Data shown
════════════════
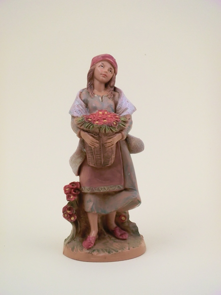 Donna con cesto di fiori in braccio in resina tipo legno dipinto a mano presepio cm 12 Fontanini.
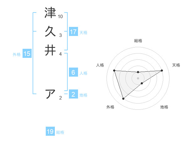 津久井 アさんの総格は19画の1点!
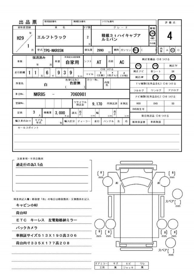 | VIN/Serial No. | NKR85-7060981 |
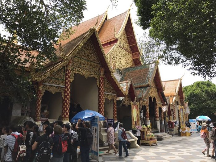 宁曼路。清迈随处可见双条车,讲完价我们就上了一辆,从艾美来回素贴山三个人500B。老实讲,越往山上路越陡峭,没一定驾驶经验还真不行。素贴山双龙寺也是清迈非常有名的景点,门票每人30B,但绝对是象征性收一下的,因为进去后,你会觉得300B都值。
════════════════
Directions
Write out the listing above again, exactly, but with no pictures in the copy.

Response to the exercise
 Donna con cesto di fiori in braccio in resina tipo legno dipinto a mano presepio cm 12 Fontanini.
 津久井 アさんの総格は19画の1点!
 | VIN/Serial No. | NKR85-7060981 |
 宁曼路。清迈随处可见双条车,讲完价我们就上了一辆,从艾美来回素贴山三个人500B。老实讲,越往山上路越陡峭,没一定驾驶经验还真不行。素贴山双龙寺也是清迈非常有名的景点,门票每人30B,但绝对是象征性收一下的,因为进去后,你会觉得300B都值。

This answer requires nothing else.